───── INPUT DATA ─────

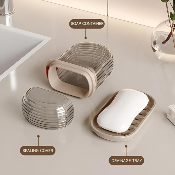 Cada jabonera posee una bandeja con sistema de drenaje, un estuche para trasportar y un cierre a prueba de fugas. Ideal para llevar en viajes
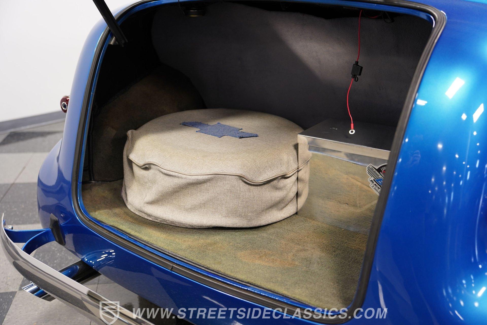 Chevy's Master 85s have long been revered for their style, but this one also offers a level of drivability you won't easily find among its counterparts. Its 350-cubic-inch V8, armed with an Edelbrock four-barrel carburetor and aluminum intake manifold, fires up right on cue and packs plenty of power to make for a smile-inducing experience behind the wheel. Its street manners are beyond reproach, as well, as it features a four-speed automatic 700R4 transmission with an overdrive gear for low revs at highway speeds. Power rack and pinion steering makes for easy maneuvering and power brakes that position discs in front bring prompt, low-effort stops. Up front, a sizable aluminum radiator pairs with dual electric fans to ensure that this vintage Chevy doesn't lose its cool in demanding driving conditions as it cruises on its set of 15'' Rally wheels, wrapped with BF Goodrich T/A radials that still show plenty of tread.
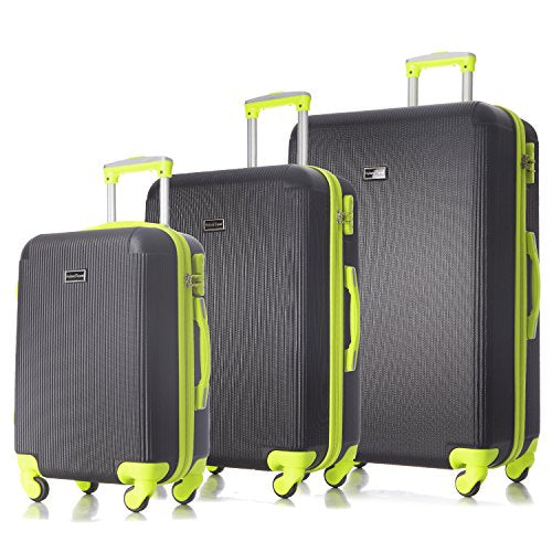3 Pc Luggage Set Durable Lightweight Hard Case Pinner Suitecase-Lug3-Ly71Val-Black/Yell
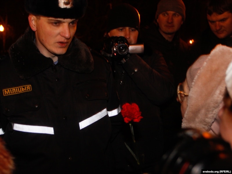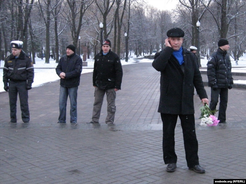 18:05 Алесь Дашчынскі: «Я знаходжуся каля ўваходу ў сквэр Янкі Купалы. Акцыя, аднак, не пачалася. Міліцыя перакрыла ўсе ўваходы ў сквэр. Людзі зь бел-чырвона-белымі букетамі кветак ня могуць прайсьці ў сквэр. Міліцыянты кажуць, што знайшлі падазроны прадмет з дратамі. Пасьля яго праверкі, маўляў, людзей пусьцяць. Некаторыя людзі кладуць букеты проста ля ўваходу ў сквэр. Іншыя пайшлі ў бок пляца Якуба Коласа, каб ускласьці кветкі там. Сквэр цалкам бязьлюдны. Там зусім нікога няма. Ужо ў 16:45 туды не пускалі. Нікога не прапускаюць і цяпер. Наконт пакладзеных ля ўваходу кветак. Я сустрэў спадарыню Вольгу Кароль, якая бачыла, як пакладзены ля ўваходу ў сквэр букет міліцыянт падняў, паламаў і выкінуў у сьметніцу».

─────

> WHAT TO DO: Give the data again exactly as written, with all pictures left out.

> RESPONSE AREA:
 Cada jabonera posee una bandeja con sistema de drenaje, un estuche para trasportar y un cierre a prueba de fugas. Ideal para llevar en viajes
 Chevy's Master 85s have long been revered for their style, but this one also offers a level of drivability you won't easily find among its counterparts. Its 350-cubic-inch V8, armed with an Edelbrock four-barrel carburetor and aluminum intake manifold, fires up right on cue and packs plenty of power to make for a smile-inducing experience behind the wheel. Its street manners are beyond reproach, as well, as it features a four-speed automatic 700R4 transmission with an overdrive gear for low revs at highway speeds. Power rack and pinion steering makes for easy maneuvering and power brakes that position discs in front bring prompt, low-effort stops. Up front, a sizable aluminum radiator pairs with dual electric fans to ensure that this vintage Chevy doesn't lose its cool in demanding driving conditions as it cruises on its set of 15'' Rally wheels, wrapped with BF Goodrich T/A radials that still show plenty of tread.
3 Pc Luggage Set Durable Lightweight Hard Case Pinner Suitecase-Lug3-Ly71Val-Black/Yell
 18:05 Алесь Дашчынскі: «Я знаходжуся каля ўваходу ў сквэр Янкі Купалы. Акцыя, аднак, не пачалася. Міліцыя перакрыла ўсе ўваходы ў сквэр. Людзі зь бел-чырвона-белымі букетамі кветак ня могуць прайсьці ў сквэр. Міліцыянты кажуць, што знайшлі падазроны прадмет з дратамі. Пасьля яго праверкі, маўляў, людзей пусьцяць. Некаторыя людзі кладуць букеты проста ля ўваходу ў сквэр. Іншыя пайшлі ў бок пляца Якуба Коласа, каб ускласьці кветкі там. Сквэр цалкам бязьлюдны. Там зусім нікога няма. Ужо ў 16:45 туды не пускалі. Нікога не прапускаюць і цяпер. Наконт пакладзеных ля ўваходу кветак. Я сустрэў спадарыню Вольгу Кароль, якая бачыла, як пакладзены ля ўваходу ў сквэр букет міліцыянт падняў, паламаў і выкінуў у сьметніцу».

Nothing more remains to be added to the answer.